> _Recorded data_
++++++

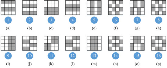 The numbers of the patterns for all blocks in DMD masks. The patterns of all blocks are generated from a 16-order Hadamard matrix. In (a–p), the block patterns are shown in the first row, and the numbers are depicted below the corresponding block patterns.
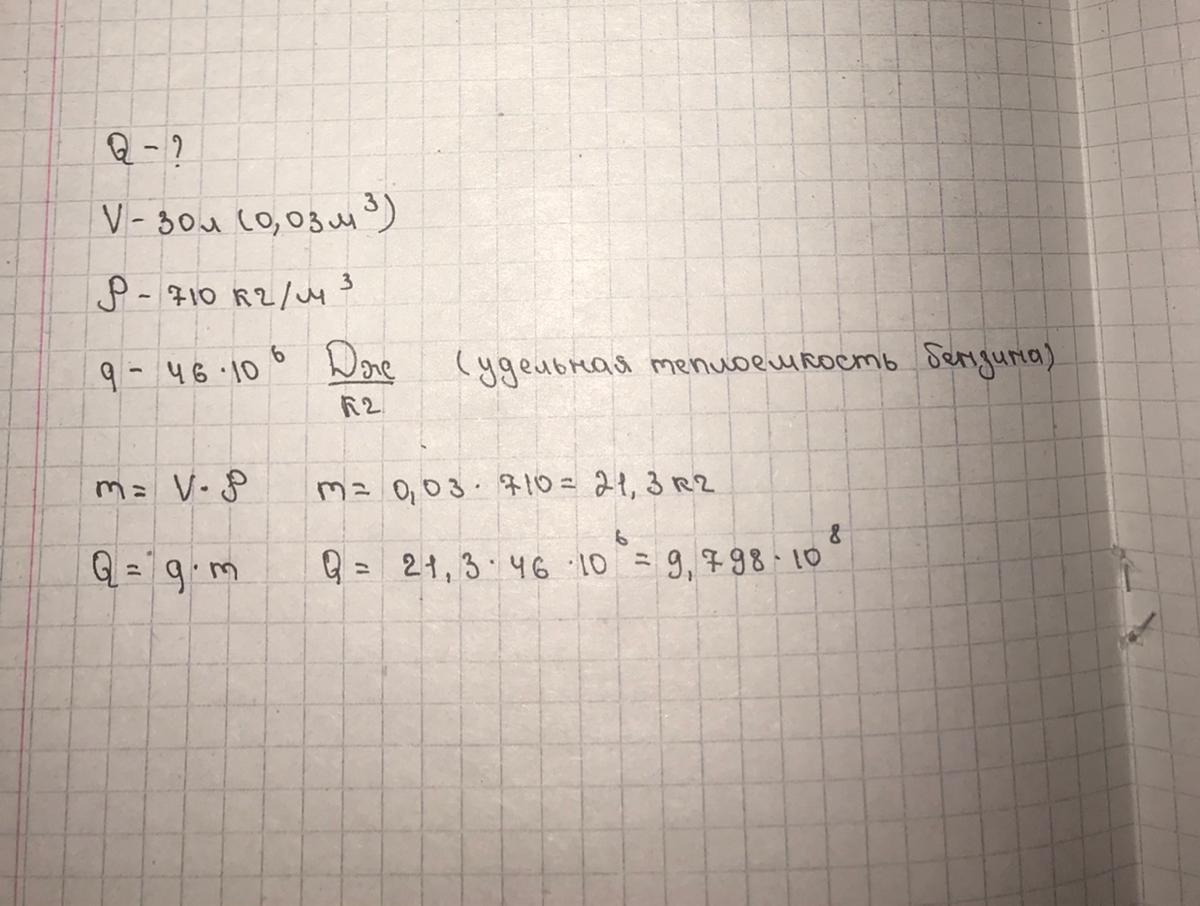 30 баллов Какое количество теплоты можно получить при полном сжигании 30 литров бензина? Плотность бензина 710 кг/м3.
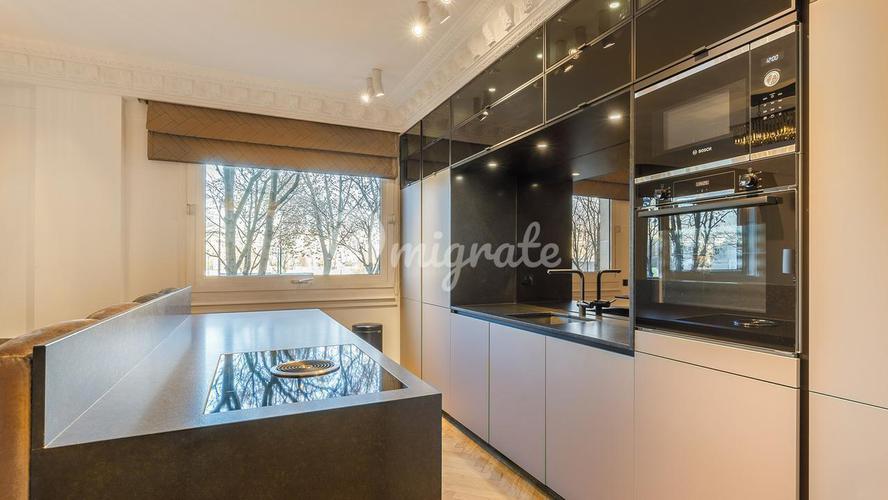 Эта красивая квартира расположена на 4-м этаже элегантного старинного здания 1862 года и имеет жилую площадь 271,25 кв.м. С очаровательным входом, он включает в себя двойную гостиную с камином, хорошо
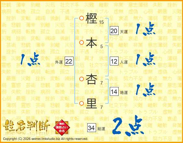 あなたの人生を表す1番重要な運勢です。生涯を通じて影響する総合運となり、主に50歳以降の晩年期に影響を及ぼします。苗字と名前の合計画数。
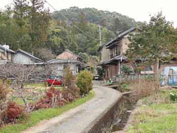 | 下野土居は、岡豊城の西麓、ちょうど岡豊城の出丸北西の谷筋に位置し、資料によれば西側谷筋より岡豊城への攻撃ルートを守る砦の役目を担っていた土居であったとか。現在では住宅地と畑地となっていて、土居の遺構は何も残っていない。 |
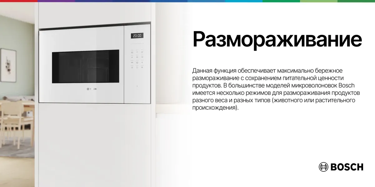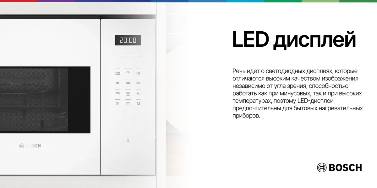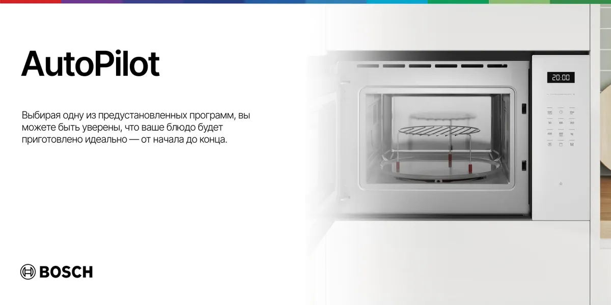 Встраиваемая микроволновая печь Bosch BEL554MW2 оснащена сенсорным управлением TouchControl и LED-дисплем: комбинация точного ввода и информативного отображения делает эксплуатацию интуитивной даже для пользователей без опыта. Наличие часов и таймера позволяет точно контролировать время приготовления, а кнопка Старт/Стоп и функция автоматического защитного отключения добавляют удобства и гарантируют безопасность при эксплуатации. Электронная система поддерживает сохранение пользовательских рецептов, что экономит время на повторяющихся блюдах: достаточно задать параметры один раз, и устройство запомнит последовательность действий. Функция AutoPilot включает ряд автоматических алгоритмов для популярных блюд, а восемь программ и четыре режима размораживания дают гибкость при работе с разными продуктами — от мягкого оттаивания морепродуктов до более интенсивной подготовки мяса перед запеканием.

++++++

> _TASK PROMPT_
Although the records contain pictures, the copy should consist of their text alone, reproduced exactly.

> _ANSWER BOX_
 The numbers of the patterns for all blocks in DMD masks. The patterns of all blocks are generated from a 16-order Hadamard matrix. In (a–p), the block patterns are shown in the first row, and the numbers are depicted below the corresponding block patterns.
 30 баллов Какое количество теплоты можно получить при полном сжигании 30 литров бензина? Плотность бензина 710 кг/м3.
 Эта красивая квартира расположена на 4-м этаже элегантного старинного здания 1862 года и имеет жилую площадь 271,25 кв.м. С очаровательным входом, он включает в себя двойную гостиную с камином, хорошо
 あなたの人生を表す1番重要な運勢です。生涯を通じて影響する総合運となり、主に50歳以降の晩年期に影響を及ぼします。苗字と名前の合計画数。
 | 下野土居は、岡豊城の西麓、ちょうど岡豊城の出丸北西の谷筋に位置し、資料によれば西側谷筋より岡豊城への攻撃ルートを守る砦の役目を担っていた土居であったとか。現在では住宅地と畑地となっていて、土居の遺構は何も残っていない。 |
 Встраиваемая микроволновая печь Bosch BEL554MW2 оснащена сенсорным управлением TouchControl и LED-дисплем: комбинация точного ввода и информативного отображения делает эксплуатацию интуитивной даже для пользователей без опыта. Наличие часов и таймера позволяет точно контролировать время приготовления, а кнопка Старт/Стоп и функция автоматического защитного отключения добавляют удобства и гарантируют безопасность при эксплуатации. Электронная система поддерживает сохранение пользовательских рецептов, что экономит время на повторяющихся блюдах: достаточно задать параметры один раз, и устройство запомнит последовательность действий. Функция AutoPilot включает ряд автоматических алгоритмов для популярных блюд, а восемь программ и четыре режима размораживания дают гибкость при работе с разными продуктами — от мягкого оттаивания морепродуктов до более интенсивной подготовки мяса перед запеканием.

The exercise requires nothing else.